- Died: 24 June 1599 Lucerne
- Spouse(s): Dorothea Sonnenberg Magdalena Tamman Barbara Stocker

= Jost Holdermeyer =

Lucerne politician and entrepreneur

Jost Holdermeyer (died 24 June 1599) was a Lucerne politician and entrepreneur. He served in various civic and administrative roles in the Old Swiss Confederacy.

== Political career ==

Holdermeyer was a member of the Grand Council of Lucerne from 1565, then of the Small Council (1569–1599), and served as avoyer in 1599 and treasurer from 1576 to 1599. He also held the position of bailiff (Landvogt) of Habsburg (1567–1569) and of Entlebuch (1571–1573).

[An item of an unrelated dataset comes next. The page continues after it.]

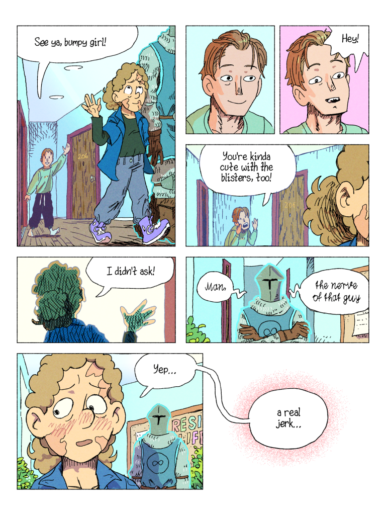 4.4 A Real Jerk by blisterfish on January 3, 2025 at 7:58 am Chapter: 4— The God of Righteous Anger Happy New Year from your favorite dermatologically-challenged teen and spectral guardian! Comment

== Administrative and religious roles ==

He served as administrator of Saint-Jost in 1570 and as councillor to the Bishop of Basel in 1594. Holdermeyer was among the first to support the establishment of the Jesuits (college) in Lucerne.

== Economic activities ==

Holdermeyer owned several estates, orchards, vineyards, and two houses. As an entrepreneur, he had sawmills built on two of his estates, protected by a monopoly (1567, 1594), and in 1587 purchased the city forge of Lucerne together with Jost Krepsinger for 1,000 florins. He was a rentier and a member of the Safran guild (Gesellschaft zu Safran).

== Bibliography ==
- K. Messmer, P. Hoppe, Luzerner Patriziat, 1976.